Python Automated Machine Learning tool :TPOT

TPOT是一个开源的机器学习项目，项目地址为：https://github.com/EpistasisLab/tpot

1. TPOT with code

step 1: 导入类模块

from tpot import TPOTClassifier    #分类器
from tpot import TPOTRegressor     #回归器

step 2: 实例化（default)
#创建默认分类器
default_pipeline_optimizer_classifier = TPOTClassifier()
#创建默认回归器
default_pipeline_optimizer_regressor  = TPOTRegressor()

step 2: 实例化（custom)
#创建自定义分类器
custom_pipeline_optimezer_classifier = TPOTClassifier(generations=50,population_size=50,cv=5,random_state=100,
                                                      verbosity=2)
#创建自定义回归器
custom_pipeline_optimezer_regressor  =TPOTRegressor(generations=5,population_size=5,cv=5,random_state=20,
                                                      verbosity=1)

step 3: 准备训练集、测试集
X_train, y_train, X_test, y_test = ?
#可以使用sklearn.model_selection.train_test_split()函数

step 4: 训练
custom_pipeline_optimezer_regressor.fit(X_train, y_train)

step 5: 测试
print(custom_pipeline_optimezer_regressor.score(X_test, y_test))

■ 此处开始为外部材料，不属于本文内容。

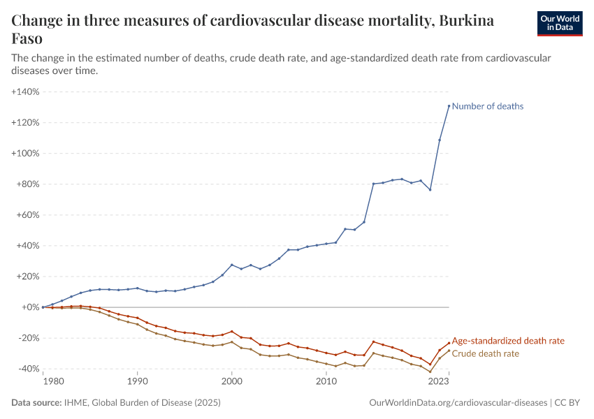 In the chart, you can see how death rates from communicable diseases in Burkina Faso have changed over time. This is shown alongside neighboring countries for comparison.
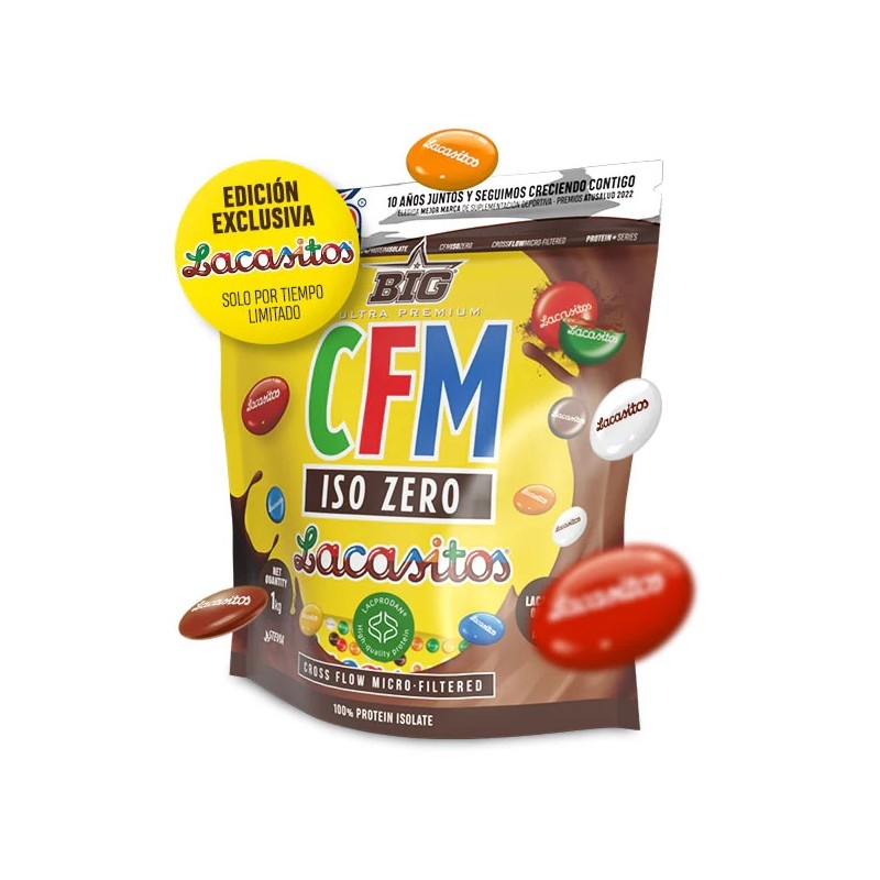 Descubre la nueva proteína CFM ISO ZERO LACASITOS® fruto de una nueva colaboración de BIG® y LACASA®. Disfruta ya del genuíno sabor que te acompañó durante toda tu infancia ¡con auténtico polvo de Lacasitos®!, ahora disponible por tiempo limitado en la mejor proteína del mercado, con la calidad y seguridad que ofrece el mejor aislado de suero Provon® de Glanbia Nutritionals®.

step 6: export the corresponding Python code for the optimized pipeline
custom_pipeline_optimezer_regressor.export('tpot_exported_pipeline.py')

2.scoring function

方式一：pass a string to the attribute scoring
属性值可以为
'accuracy', 'adjusted_rand_score', 'average_precision', 'balanced_accuracy',
'f1','f1_macro', 'f1_micro', 'f1_samples', 'f1_weighted', 'neg_log_loss', 'neg_mean_absolute_error',
'neg_mean_squared_error', 'neg_median_absolute_error', 'precision', 'precision_macro', 'precision_micro',
'precision_samples', 'precision_weighted','r2', 'recall', 'recall_macro', 'recall_micro', 'recall_samples',
'recall_weighted', 'roc_auc', 'my_module.scorer_name*'

方式二：用户自定义
# Make a custom metric function
def my_scoring_func(y_true, y_pred):
    return mean_squared_error(y_true, y_pred)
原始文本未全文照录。